Top of Material to process
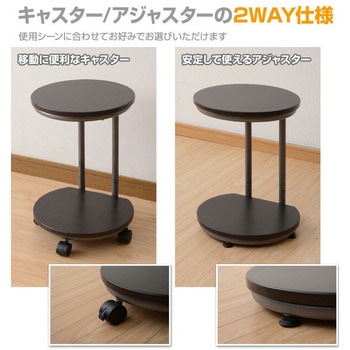 ソファ横やベッドサイドにちょい置きスペースを作るサイドテーブル。移動に便利なキャスターとしっかり置けるアジャスターの2WAY仕様。
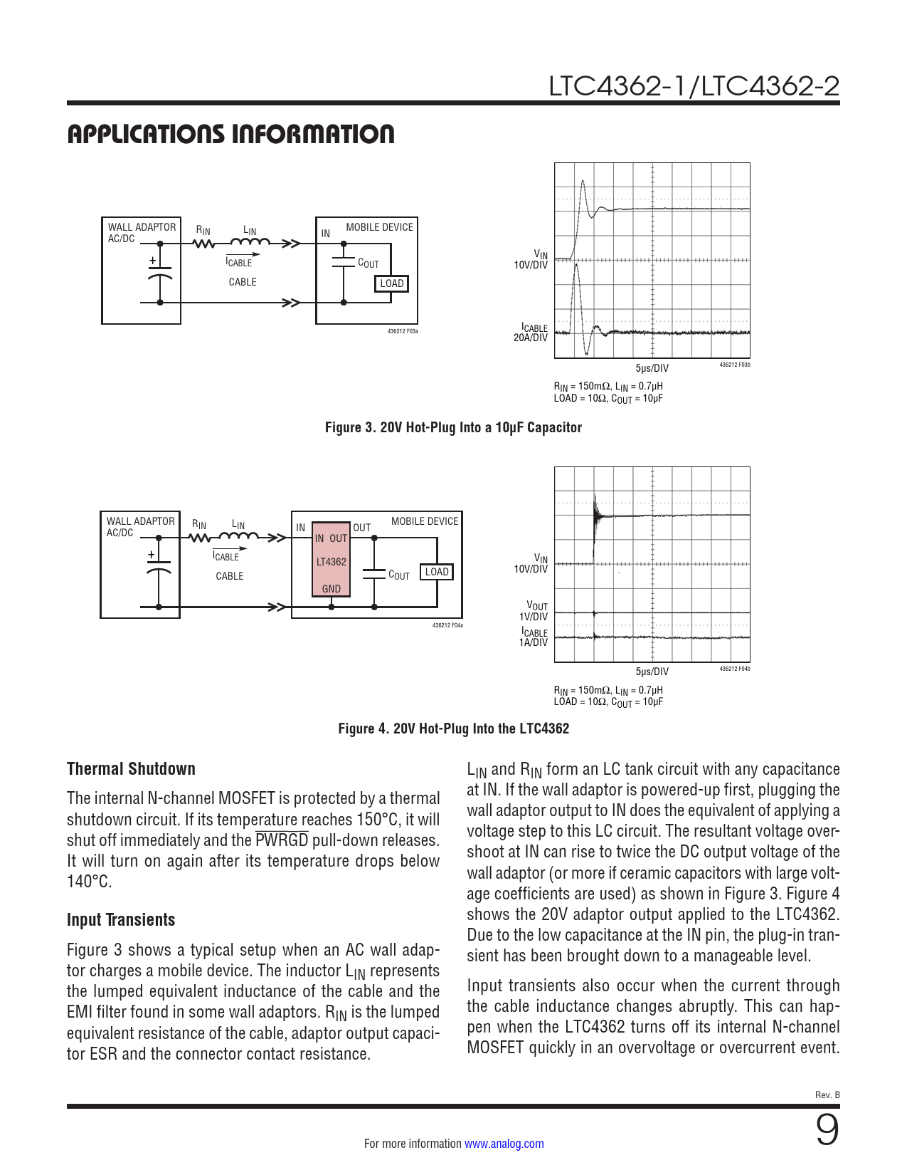 WALL ADAPTOR RIN LIN MOBILE DEVICE AC/DC IN OUT IN OUT + ICABLE VIN LT4362 LOAD 10V/DIV CABLE COUT GND VOUT 1V/DIV 436212 F04a ICABLE 1A/DIV 5µs/DIV 436212 F04b RIN = 150mΩ, LIN = 0.7µH LOAD = 10Ω, COUT = 10µF
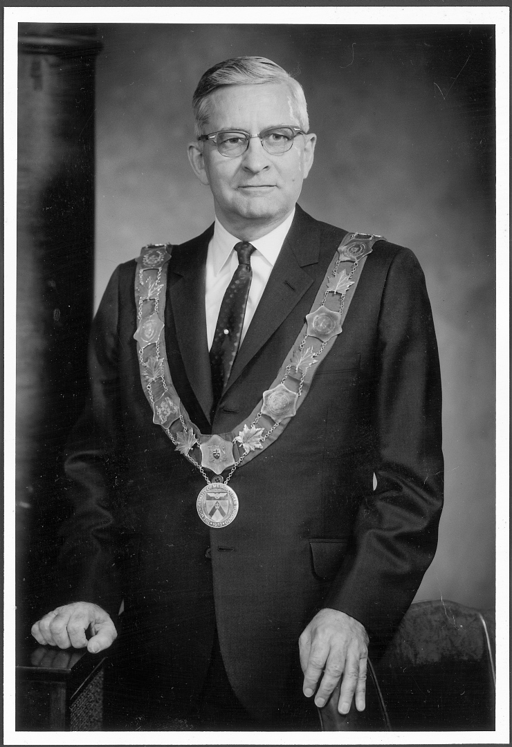 Albert Campbell (1910-1973) was elected reeve of Scarborough in 1957. He continued in that role until 1967, when his title was changed to mayor – the first for the Borough of Scarborough. His final political position was Chairman of Metropolitan Toronto, taking that office in 1969.
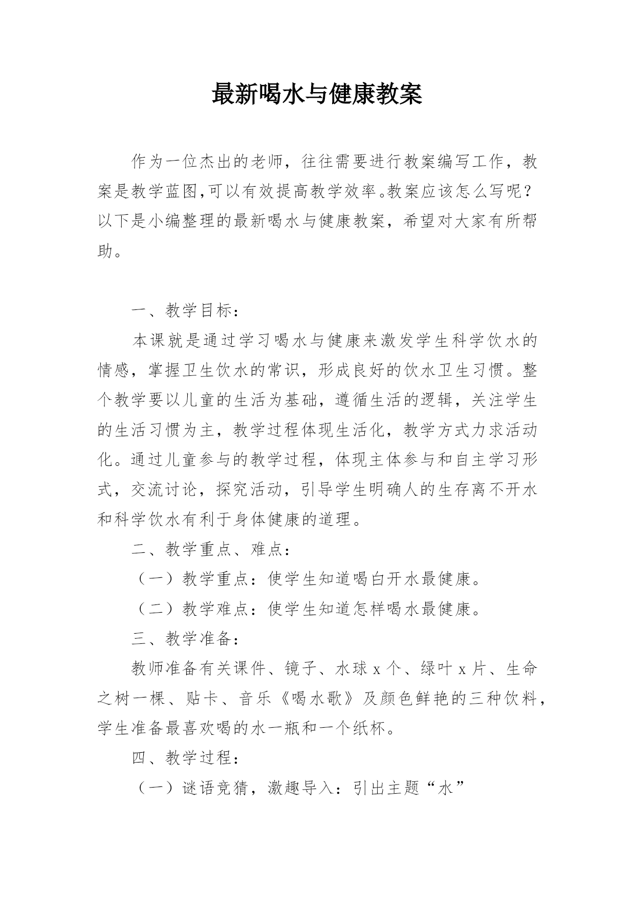 最新喝水与健康教案作为一位杰出的老师,往往需要进行教案编写工作,教案是教学蓝图,可以有效提高教学效率。教案应该怎么写呢?以下是小编整理的最新喝水与健康教案,希望对大家有所帮助。一、教学目标:本课就是通过学习喝水与健康来激发学生科学饮水的情感,掌握卫生饮水的常识,形成良好的饮水卫生习惯。整个教学要以儿童的生活为基础,遵循生活的逻辑,关注学生的生活习惯为主,教学过程体现生活化,教学方式力求活动化。通过儿童参与的教学过程,体现主体参与和自主学习形式,交流讨论,探究活动,引导学生明确人的生存离不开水和科学饮水有利
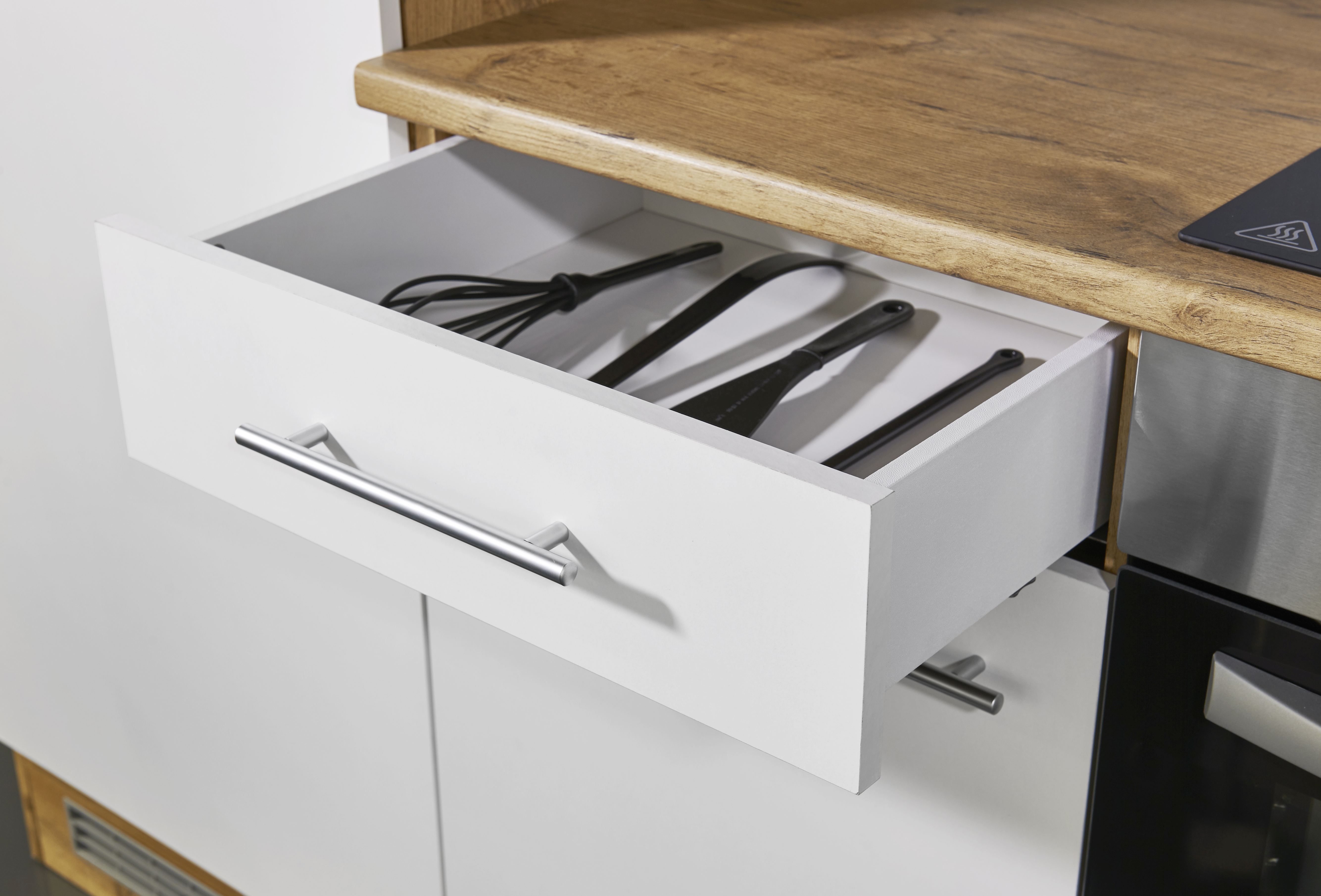 1 Unterschrank mit 1 Schubkasten (System mit Unterführung), 1 Tür und 1 Einlegeboden
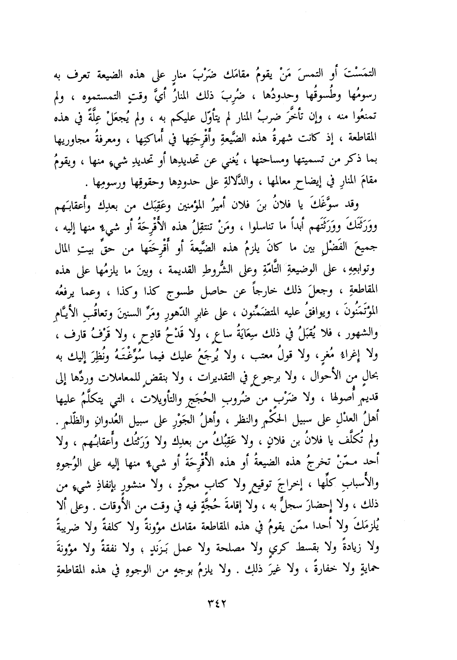 التمست أو التمس من يقوم مقامك ضرب منار على هذه الضيعة تعرف به رسومها وطسوقها وحدودها، ضرب ذلك المنار أيّ وقت التمستموه، ولم تمنعوا منه، وإن تأخّر ضرب المنار لم يتأوّل عليكم به، ولم يجعل علّة في هذه المقاطعة، إذ كانت شهرة هذه الضّيعة وأقرحتها في أماكنها، ومعرفة مجاوريها بما ذكر من تسميتها ومساحتها، يغني عن تحديدها أو تحديد شيء منها، ويقوم مقام المنار في إيضاح معالمها، والدّلالة على حدودها وحقوقها ورسومها.
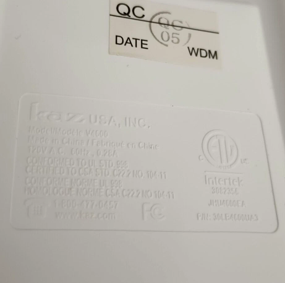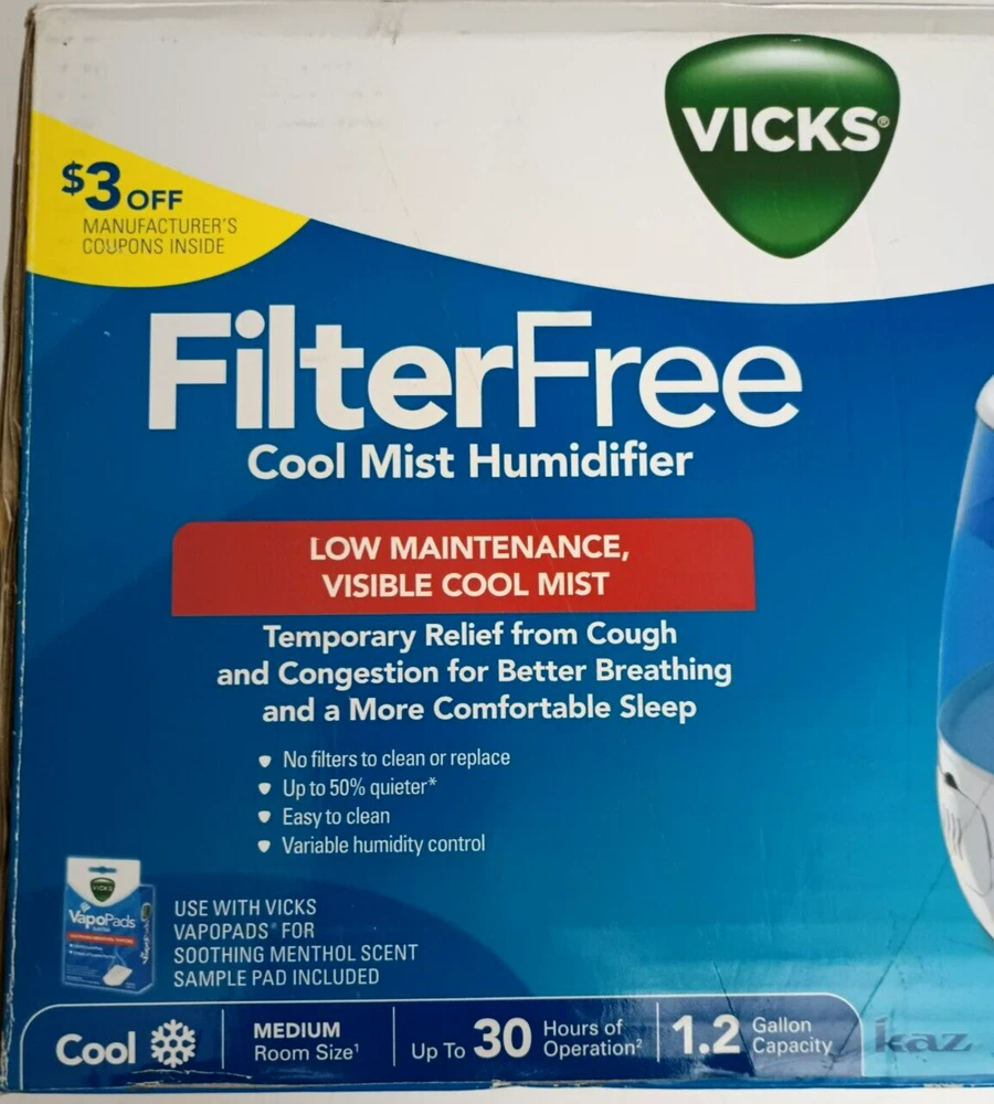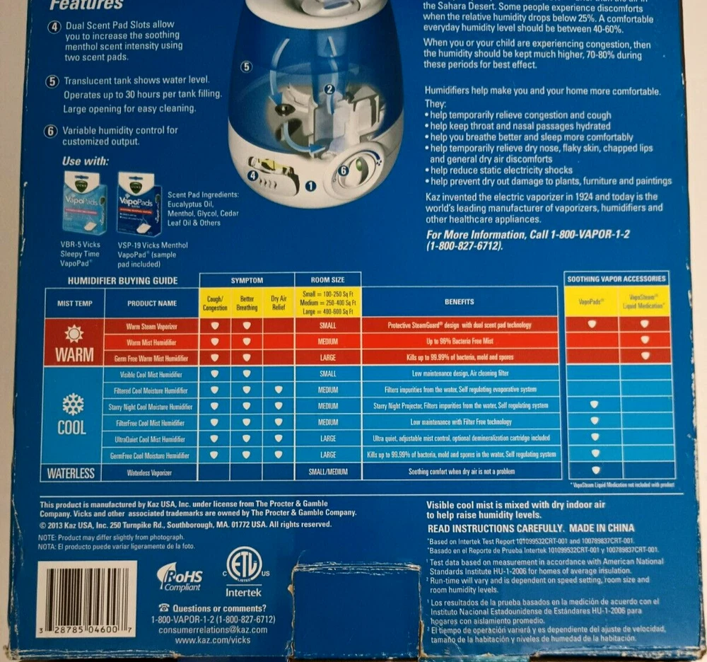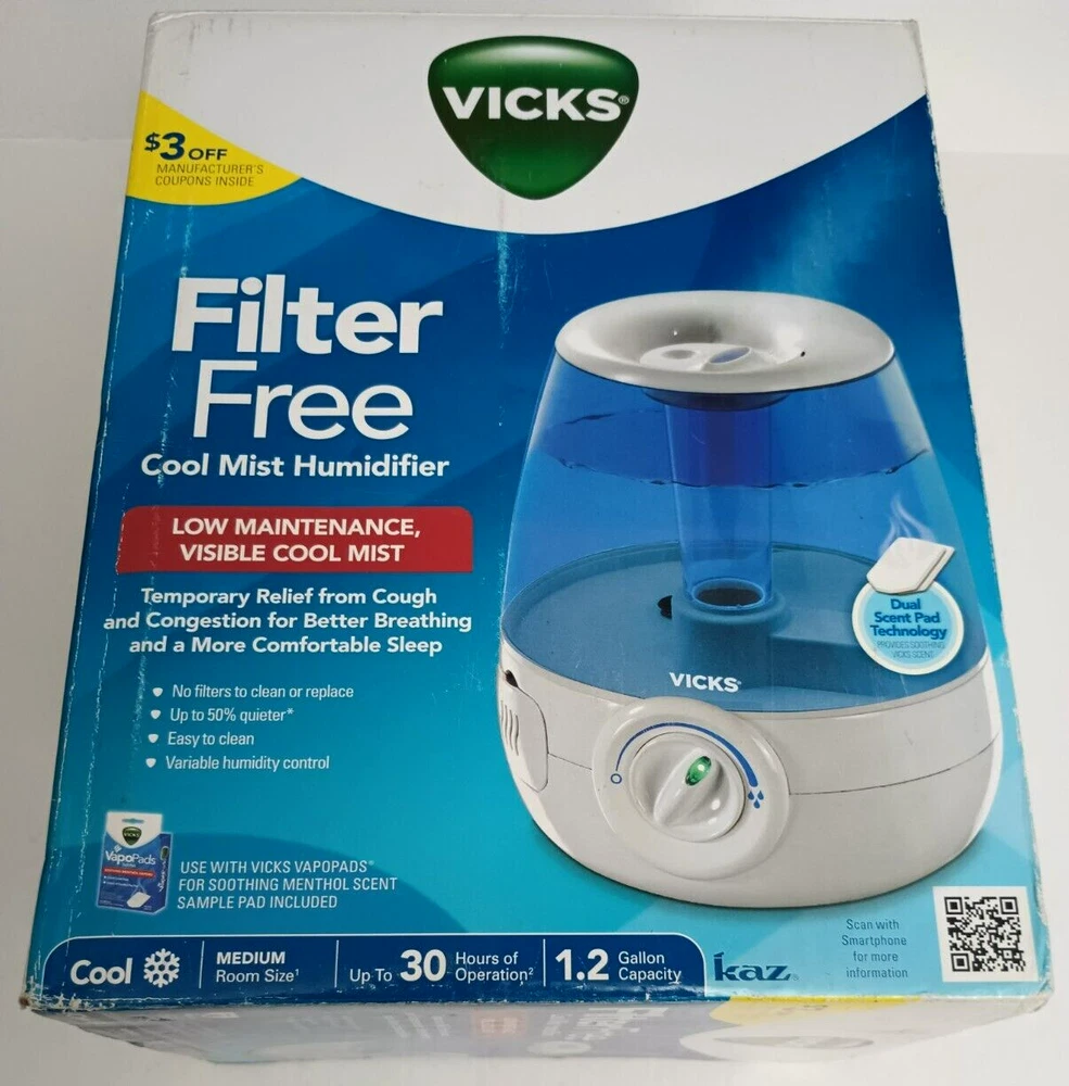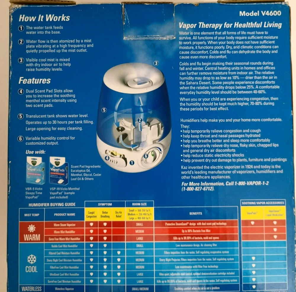 Model: Vicks V4600 UPC: 0328785046007 Voltage: 120 V Application: Medium Room Type: Tabletop Humidification Method: Cool Mist Features: Adjustable Humidity Control, Aroma Diffuser, Portable, Quiet Operation, Wired gtin13: 0328785046007 Color: Blue, White MPN: V4600 Brand: Vicks Tank Capacity: 1.2 gal.
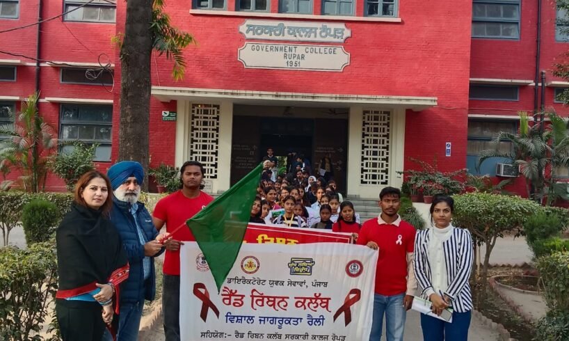 ਰੂਪਨਗਰ, 01 ਦਸੰਬਰ: ਭਾਰਤ ਸਰਕਾਰ ਦੇ ਯੁਵਾ ਮਾਮਲੇ ਅਤੇ ਖੇਡ ਮੰਤਰਾਲਾ ਦੇ ਆਦੇਸ਼ਾਂ ਤਹਿਤ ਪ੍ਰੋਗਰਾਮ ਕੋਆਰਡੀਨੇਟਰ, ਕੌਮੀ ਸੇਵਾ ਯੋਜਨਾ, ਪੰਜਾਬੀ ਯੂਨੀਵਰਸਿਟੀ ਪਟਿਆਲਾ ਅਤੇ ਡਾਇਰੈਕਟੋਰੇਟ ਯੁਵਕ ਸੇਵਾਵਾਂ, ਪੰਜਾਬ ਦੇ ਦਿਸ਼ਾ ਨਿਰਦੇਸ਼ਾਂ ਅਨੁਸਾਰ ਸਰਕਾਰੀ ਕਾਲਜ ਰੋਪੜ ਵਿਖੇ ਪ੍ਰਿੰਸੀਪਲ ਜਤਿੰਦਰ ਸਿੰਘ ਗਿੱਲ ਦੀ ਸਰਪ੍ਰਸਤੀ ਹੇਠ ਕਾਲਜ ਦੇ ਕੌਮੀ ਸੇਵਾ ਯੋਜਨਾ ਵਿਭਾਗ ਅਤੇ ਰੈੱਡ ਰਿਬਨ ਕਲੱਬ ਦੇ ਸਹਿਯੋਗ ਨਾਲ ਵਿਸ਼ਵ ਏਡਜ਼ ਦਿਵਸ ਮਨਾਇਆ ਗਿਆ।
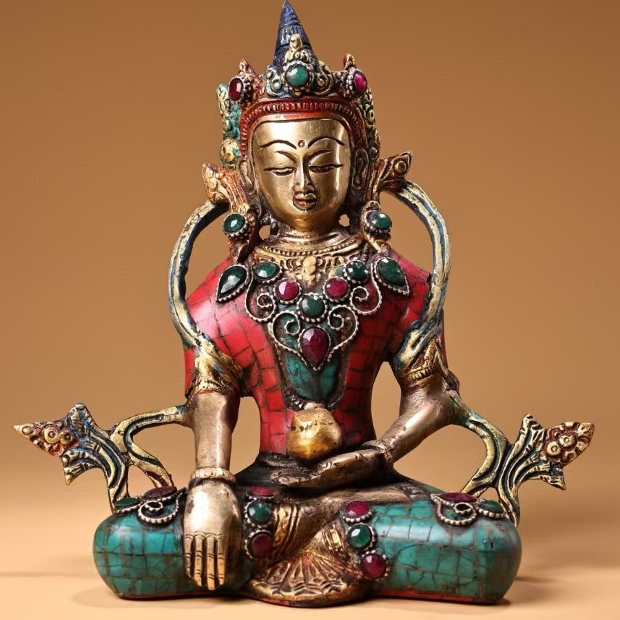 - 仏像 清代 旧蔵 チベット古寺 古銅モザイク宝石彩色釈迦牟尼仏 覚沃仏 銅製 唐物 收蔵品 時代物 古置物 希少珍品 供養品 文房具 仏教6.26
Bottom of Material to process
Take the material above and output only the lines from the one that contains "WALL ADAPTOR RIN" through the one that contains "最新喝水与健康教案作为一位杰", ends included and images left out.

**The answer**
 WALL ADAPTOR RIN LIN MOBILE DEVICE AC/DC IN OUT IN OUT + ICABLE VIN LT4362 LOAD 10V/DIV CABLE COUT GND VOUT 1V/DIV 436212 F04a ICABLE 1A/DIV 5µs/DIV 436212 F04b RIN = 150mΩ, LIN = 0.7µH LOAD = 10Ω, COUT = 10µF
 Albert Campbell (1910-1973) was elected reeve of Scarborough in 1957. He continued in that role until 1967, when his title was changed to mayor – the first for the Borough of Scarborough. His final political position was Chairman of Metropolitan Toronto, taking that office in 1969.
 最新喝水与健康教案作为一位杰出的老师,往往需要进行教案编写工作,教案是教学蓝图,可以有效提高教学效率。教案应该怎么写呢?以下是小编整理的最新喝水与健康教案,希望对大家有所帮助。一、教学目标:本课就是通过学习喝水与健康来激发学生科学饮水的情感,掌握卫生饮水的常识,形成良好的饮水卫生习惯。整个教学要以儿童的生活为基础,遵循生活的逻辑,关注学生的生活习惯为主,教学过程体现生活化,教学方式力求活动化。通过儿童参与的教学过程,体现主体参与和自主学习形式,交流讨论,探究活动,引导学生明确人的生存离不开水和科学饮水有利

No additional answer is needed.